> EXERCISE PROMPT
Repeat nothing but the lines below running from the one containing "澳门10元双错整版钞俗称澳门" to the one containing "东西 本名田代琳,现任广西文". Keep both end lines.

> DATA SHOWN
◆ ◆ ◆ ◆ ◆

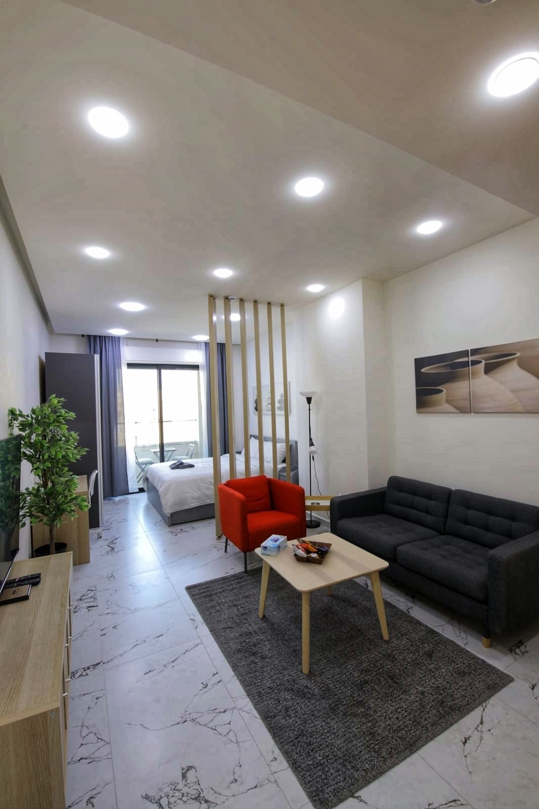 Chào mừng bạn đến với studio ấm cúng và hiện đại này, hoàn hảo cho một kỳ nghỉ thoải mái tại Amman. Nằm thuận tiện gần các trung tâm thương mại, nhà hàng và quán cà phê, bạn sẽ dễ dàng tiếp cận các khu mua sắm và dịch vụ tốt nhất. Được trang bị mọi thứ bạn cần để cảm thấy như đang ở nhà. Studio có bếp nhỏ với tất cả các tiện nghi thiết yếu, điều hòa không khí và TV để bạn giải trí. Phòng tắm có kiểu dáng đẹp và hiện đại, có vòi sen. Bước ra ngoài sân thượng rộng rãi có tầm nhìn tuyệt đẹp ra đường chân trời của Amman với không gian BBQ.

◆ ◆ ◆ ◆ ◆

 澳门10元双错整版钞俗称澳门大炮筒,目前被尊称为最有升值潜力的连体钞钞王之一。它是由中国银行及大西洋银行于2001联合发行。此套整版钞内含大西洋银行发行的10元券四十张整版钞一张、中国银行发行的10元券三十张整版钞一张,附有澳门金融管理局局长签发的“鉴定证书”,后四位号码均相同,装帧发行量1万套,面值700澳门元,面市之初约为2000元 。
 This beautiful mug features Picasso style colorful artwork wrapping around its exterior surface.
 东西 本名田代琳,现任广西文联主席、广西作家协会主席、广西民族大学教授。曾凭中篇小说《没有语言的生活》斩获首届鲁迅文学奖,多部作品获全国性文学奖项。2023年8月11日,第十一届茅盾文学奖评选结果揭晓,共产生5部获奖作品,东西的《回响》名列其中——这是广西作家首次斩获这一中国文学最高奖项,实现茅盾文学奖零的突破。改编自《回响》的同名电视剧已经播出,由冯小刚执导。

◆ ◆ ◆ ◆ ◆

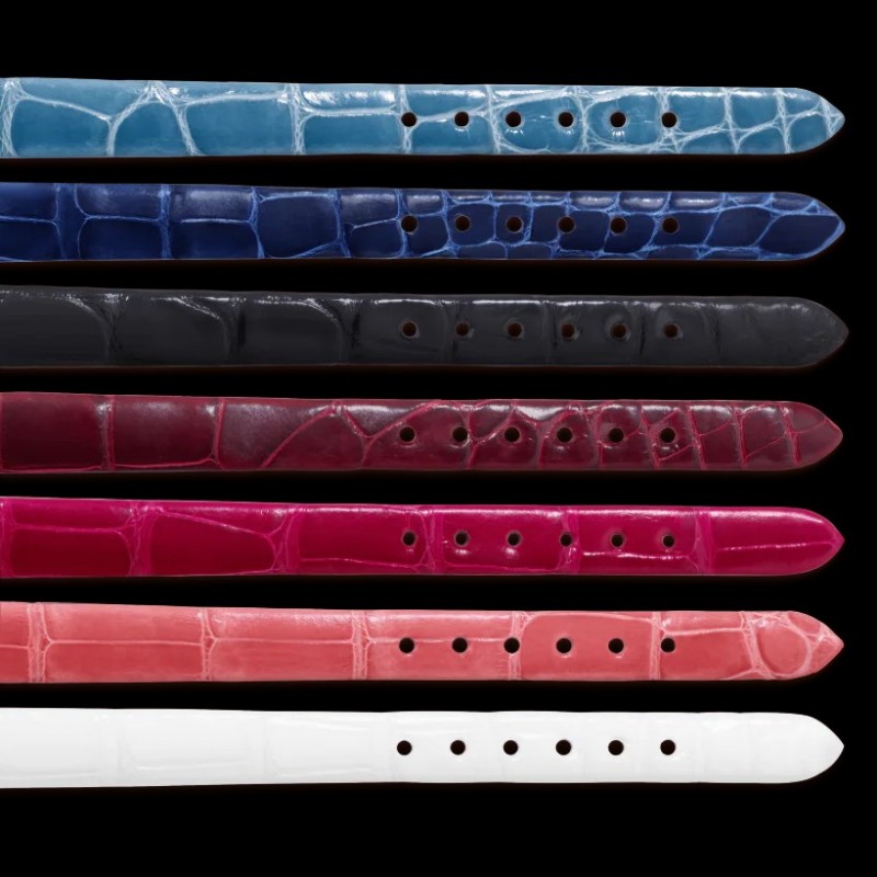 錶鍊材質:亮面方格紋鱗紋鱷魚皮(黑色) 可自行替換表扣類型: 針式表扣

◆ ◆ ◆ ◆ ◆

> WRITTEN ANSWER
 澳门10元双错整版钞俗称澳门大炮筒,目前被尊称为最有升值潜力的连体钞钞王之一。它是由中国银行及大西洋银行于2001联合发行。此套整版钞内含大西洋银行发行的10元券四十张整版钞一张、中国银行发行的10元券三十张整版钞一张,附有澳门金融管理局局长签发的“鉴定证书”,后四位号码均相同,装帧发行量1万套,面值700澳门元,面市之初约为2000元 。
 This beautiful mug features Picasso style colorful artwork wrapping around its exterior surface.
 东西 本名田代琳,现任广西文联主席、广西作家协会主席、广西民族大学教授。曾凭中篇小说《没有语言的生活》斩获首届鲁迅文学奖,多部作品获全国性文学奖项。2023年8月11日,第十一届茅盾文学奖评选结果揭晓,共产生5部获奖作品,东西的《回响》名列其中——这是广西作家首次斩获这一中国文学最高奖项,实现茅盾文学奖零的突破。改编自《回响》的同名电视剧已经播出,由冯小刚执导。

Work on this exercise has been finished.